Anne-Geneviève de Bourbon was the only daughter of Henri II de Bourbon, Prince of Condé, and his wife Charlotte-Marguerite de Montmorency, and the sister of the Grand Condé and the Prince of Conti. She played an important role among the Frondeurs during the minority of Louis XIV.
In 1642, Anne-Geneviève married Henri II d’Orléans, Duke of Longueville, governor of Normandy for twenty-three years. The Duke represented a better match due to his Capetian ancestry (he descended in the direct male line from Jean d’Orléans, Count of Dunois and Longueville, the legitimized natural son of Louis I d’Orléans and grandson of King Charles V).
After the deaths of Richelieu and Louis XIII, Anne-Geneviève’s father, the Prince of Condé, became head of the Regency Council during the minority of Louis XIV. Her elder brother Louis won the Battle of Rocroi in 1643, a decisive turning point in the final years of the Thirty Years’ War. The Duchess then became an important political interlocutor. In July 1646, she joined her husband in Munster, where he had been sent the previous year by Mazarin as a negotiator to end the Thirty Years’ War. Anne Geneviève charmed diplomats of all nationalities negotiating the Treaty of Westphalia and was celebrated as the “goddess of Peace and Concord.”
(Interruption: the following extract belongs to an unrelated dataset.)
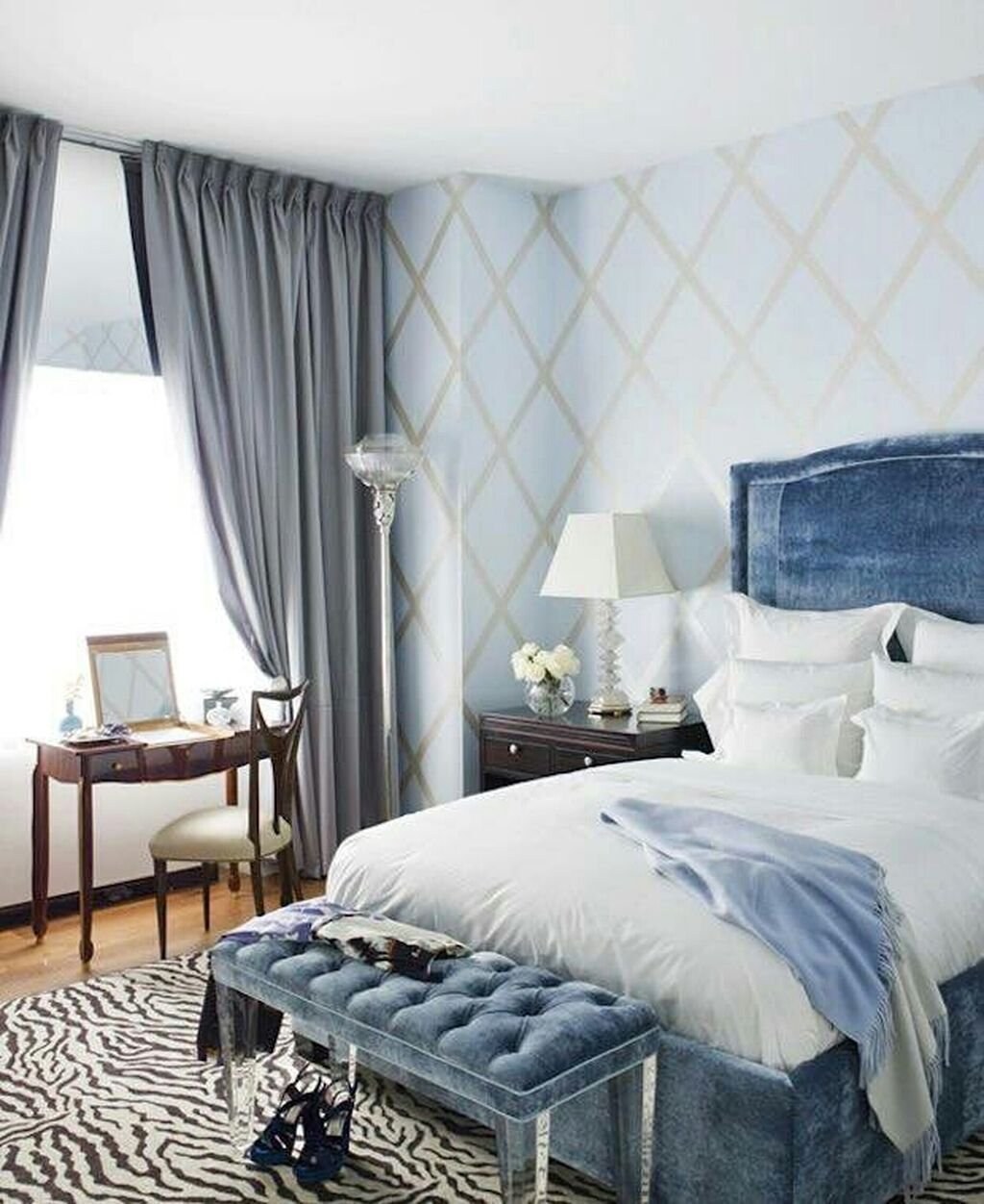 Серо голубая спальня
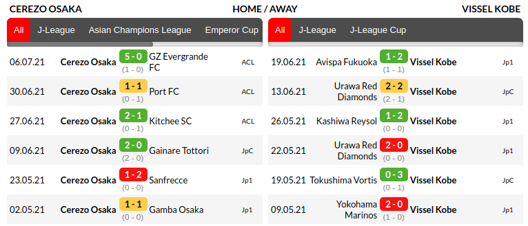 Cerezo Osaka vs Kobe Predictions: Home/Away Matches

Anne-Geneviève de Bourbon lived in a troubled time of the Fronde. An episode taking place during the minority of Louis XIV with the queen mother and her minister Mazarin ensuring power, between 1643 and 1661. France, at war with Spain, was experiencing an economic crisis, the great lords of the kingdom rebelled. In this atmosphere, Anne pushed her husband and her brother (the famous Grand Condé) to side with the rebellious parliamentarians in 1648. During this period she moved into the Hôtel de Ville where she gave birth to a son, Charles-Paris, whose paternity is unofficially attributed to La Rochefoucauld, the famous French writer and memoirist.